Assignment: Although the records contain pictures, none belong in the copy: restate word for word only the lines from the one with "分为关西风御好烧和广岛风御好" through the one with "美元指数下跌了0.345%。", both included.

Data listing:
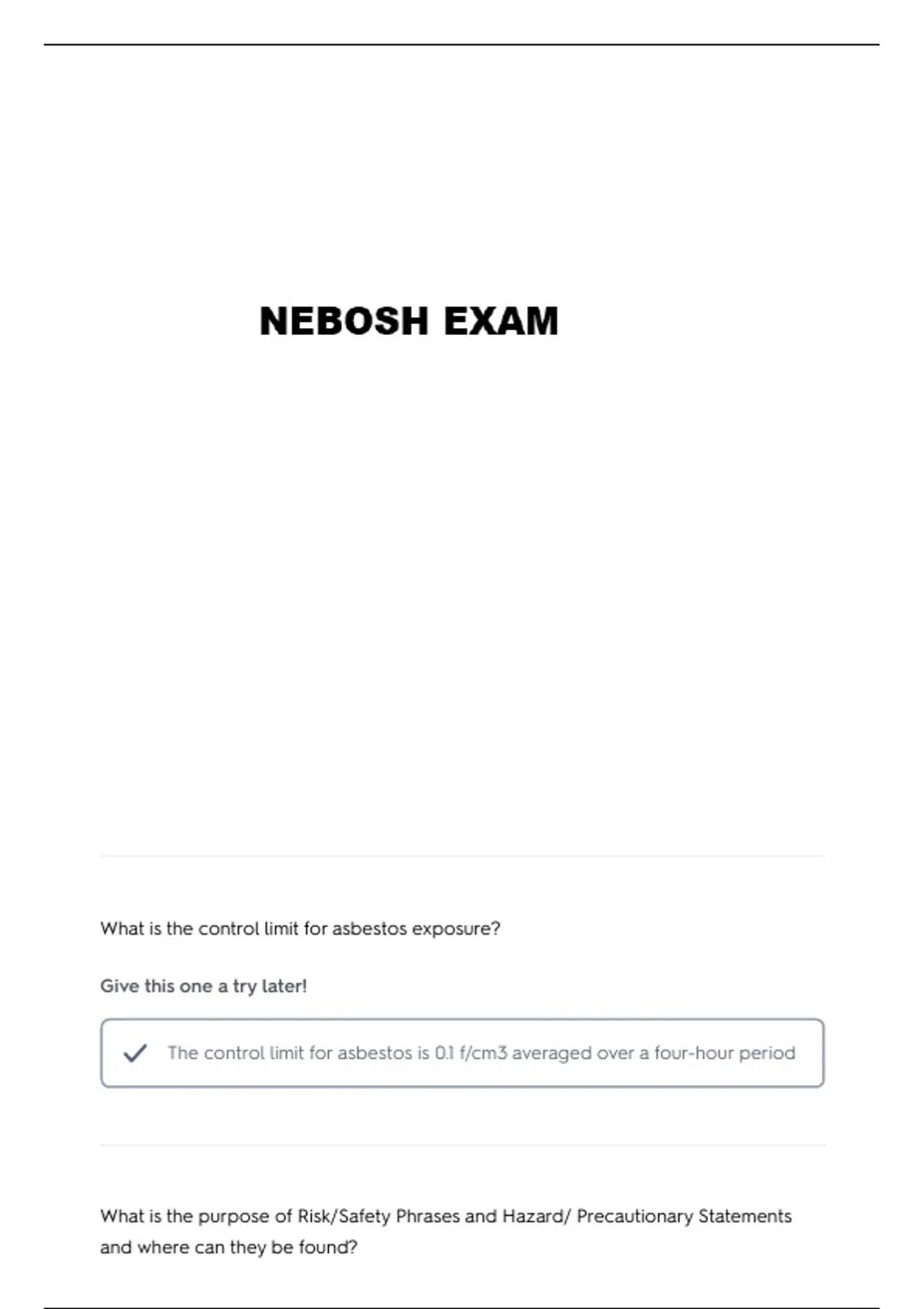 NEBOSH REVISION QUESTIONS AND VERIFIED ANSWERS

==

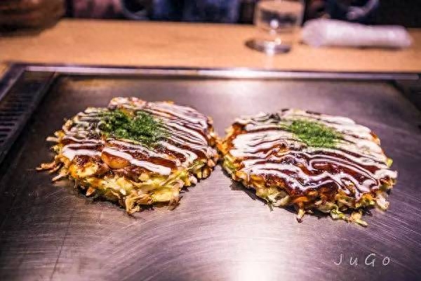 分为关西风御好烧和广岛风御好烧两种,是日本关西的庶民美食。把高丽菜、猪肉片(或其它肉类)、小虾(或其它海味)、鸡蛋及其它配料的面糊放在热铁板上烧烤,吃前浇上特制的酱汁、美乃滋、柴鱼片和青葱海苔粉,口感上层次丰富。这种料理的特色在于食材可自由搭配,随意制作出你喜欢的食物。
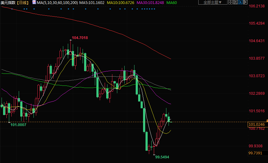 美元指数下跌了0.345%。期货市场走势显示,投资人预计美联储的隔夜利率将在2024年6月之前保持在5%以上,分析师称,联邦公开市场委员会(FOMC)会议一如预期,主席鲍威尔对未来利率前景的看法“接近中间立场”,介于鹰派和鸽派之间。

Answer for this exercise:
 分为关西风御好烧和广岛风御好烧两种,是日本关西的庶民美食。把高丽菜、猪肉片(或其它肉类)、小虾(或其它海味)、鸡蛋及其它配料的面糊放在热铁板上烧烤,吃前浇上特制的酱汁、美乃滋、柴鱼片和青葱海苔粉,口感上层次丰富。这种料理的特色在于食材可自由搭配,随意制作出你喜欢的食物。
 美元指数下跌了0.345%。期货市场走势显示,投资人预计美联储的隔夜利率将在2024年6月之前保持在5%以上,分析师称,联邦公开市场委员会(FOMC)会议一如预期,主席鲍威尔对未来利率前景的看法“接近中间立场”,介于鹰派和鸽派之间。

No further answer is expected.